И опять я забыла, как дышать.
— Не знаю, почему мне в голову полезла такая муть, — начала оправдываться. — Прости, Глеб. Я просто не ожидала и…
— Я понимаю, Мышка, — сменил гнев на милость он, позволив себя обнять. — Но больше так не делай. Я хочу знать, что моя женщина во всем и всегда меня поддержит и безоговорочно доверяет. Иначе отношения не приносят удовольствия, а только выматывают. Понимаешь?
— Да, Глеб, — поспешно согласилась я. От одной мысли, что мы можем расстаться, меня бросало в холодный пот. Да что там расстаться? Я уже и жизни своей без этого мужчины не представляла! — А… Как это произошло? Если, конечно, тебе не тяжело говорить.

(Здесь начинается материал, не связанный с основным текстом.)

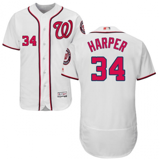 Home>MLB>Washington Nationals>Bryce Harper>Men's Majestic Washington Nationals #34 Bryce Harper White Home Flex Base Authentic Collection MLB Jersey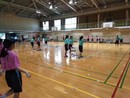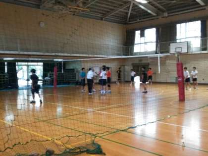 体育館では、バドミントン部と男子バレー部が練習しています。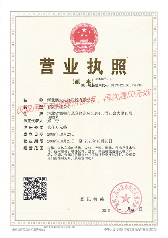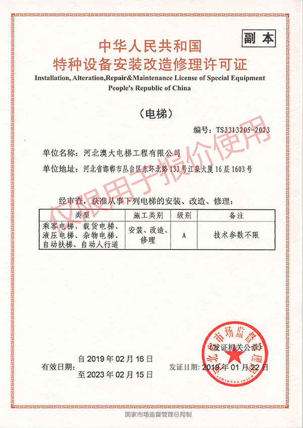 河北澳大電梯工程有限公司是集電梯銷售、安裝、維護保養(yǎng)為一體的專業(yè)化電梯公司。公司具有國家質量監(jiān)督檢驗總局頒發(fā)的“電梯安裝改造維修A級”資質許可證。下設市場部、工程部、維保部、技術部、行政部及電梯配件公司。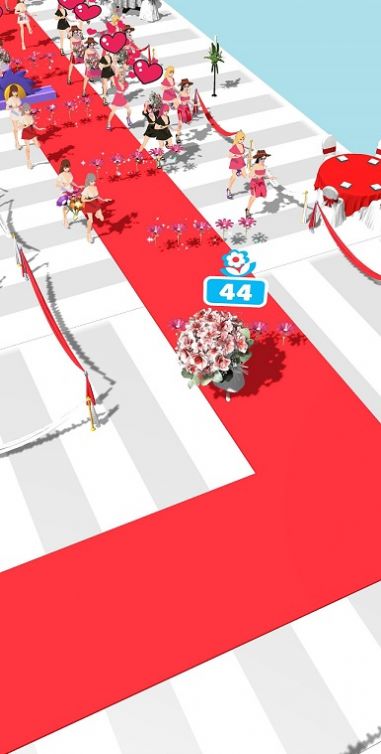 1、新娘撒花跑酷游戏,新娘在红毯上奔跑,一边跑一边收集花束。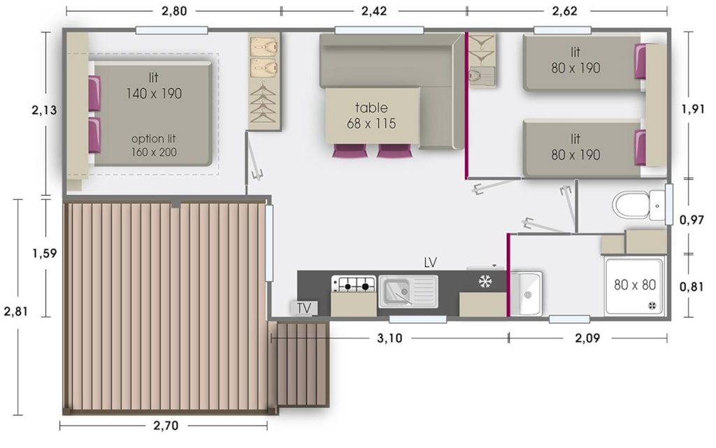- Grundfläche Terrasse (in m²) : 8
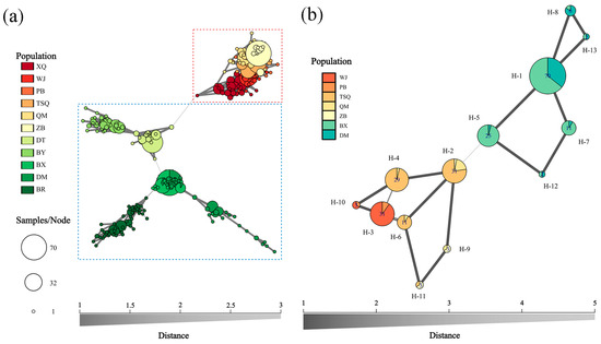 Haplotype network. (a) Haplotype network with a frequency greater than 1; (b) shared haplotype network of Pinus yunnanensis var. tenuiflolia based on cpSSR. Each node represents a haplotype, with the size of the node indicating haplotype frequency. The gray color and width of the connections are proportional to the genetic distance. The populations in Cluster 1 are enclosed in the red box, while the populations in Cluster 2 are enclosed in the blue box.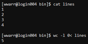 wc -l 0< linesreads the contents of filelinesand counts the number of lines. Note that forwcthis is not needed, but may be needed for other commands. In this case using<is the same as0<.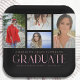 Simple Script Multi Photo Grad Graduation Party Paper Plates Tableware features four of your favourite photos of your college or high school graduate on the front with the elegant modern pink calligraphy script "Graduate" overlay. Personalise with name, class of and school or college. Simple, stylish and classy. Created by ©Evco Studio www.zazzle.com/store/evcostudio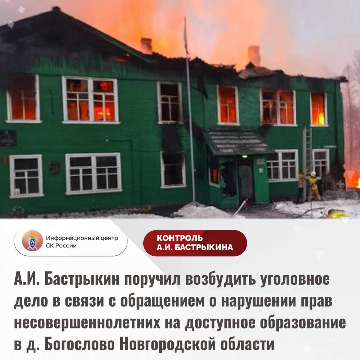 После обращения Бастрыкин поручил начальнику СУ СК России по Новгородской области, Николаю Супруну, инициировать уголовное дело, чтобы тщательно изучить обстоятельства произошедшего. Контроль над выполнением этого поручения и ход процессуальной проверки будет осуществляться на уровне центрального аппарата ведомства.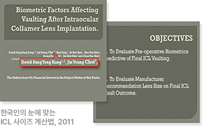 2011년 ‘한국인의 눈에 맞는 ICL 사이즈 계산법’ 발표 - 개인의 눈에 맞는 렌즈 사이즈 선택의 중요성을 학계 처음 제시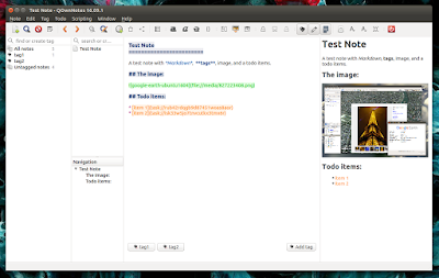 鉴于 QOwnNotes 有这么多优点,它支持 Markdown 语言(内置了 Markdown 预览模式),可以标记笔记,对标记和笔记进行搜索,在笔记中加入超链接,也可以插入图片: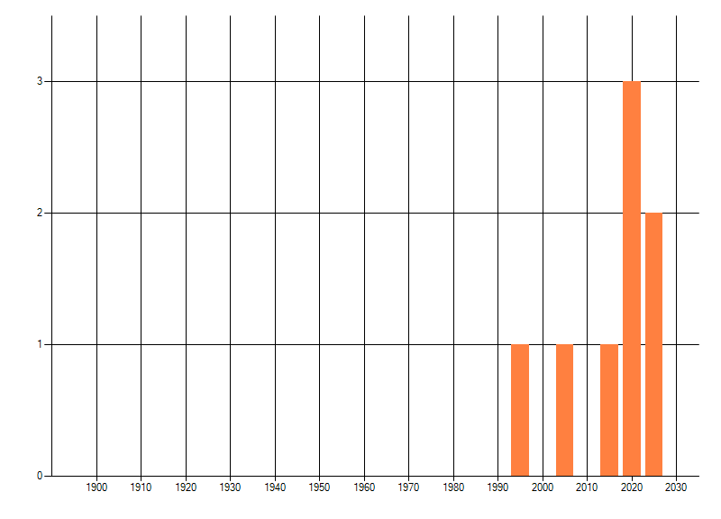 Het aantal atlasblokken (5x5 km) waarin de soort is gemeld binnen een periode van vijf jaar (vanaf 1980) of twintig jaar. Niet gecorrigeerd voor waarnemersinspanning en het aantal doorgegeven waarnemingen kan sterk variëren per periode, dus een trend in verspreiding kan hier niet direct uit worden afgelezen. Het opgegeven jaartal is het eerste jaar van de periode. Bron: gevalideerde waarnemingen uit de NDFF.
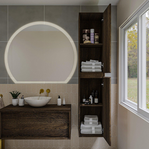 Cette armoire haute combine style, durabilité et fonctionnalité de manière unique. Vous obtenez ainsi non seulement un meuble pratique, mais aussi un véritable élément décoratif qui complète votre salle de bains. Complétez votre salle de bains de rêve avec ce meuble élégant et découvrez par vous-même la qualité.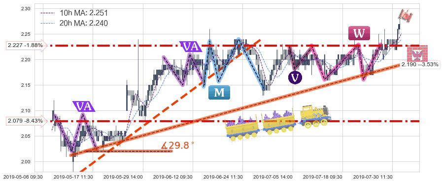 ♘ 在最后的上升阶段2019-05-10 14:00至2019-07-31 15:00存在 持续未破位的支撑位 ,支撑价格2.190,支撑可信任强度86.42%,其距离最后价格2.270相差 -3.53%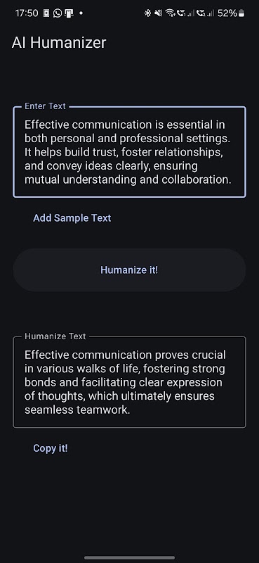 简单直观的界面:轻松粘贴文本,单击“人性化”,即可获得精美的结果。

— Ну какие же все бабы любопытные, — хмыкнул Глеб и, отстранившись, включил кофеварку. — Автокатастрофа. Водитель встречной машины не справился с управлением, моя жена погибла на месте.
— Мне жаль, — закусила нижнюю губу я.
— Очень хорошо, что она не взяла с собой дочь. В машине было детское кресло, Мари часто ездила по делам, а оставлять Кэт на нянь не хотела. Как подумаю, что мог лишиться дочери…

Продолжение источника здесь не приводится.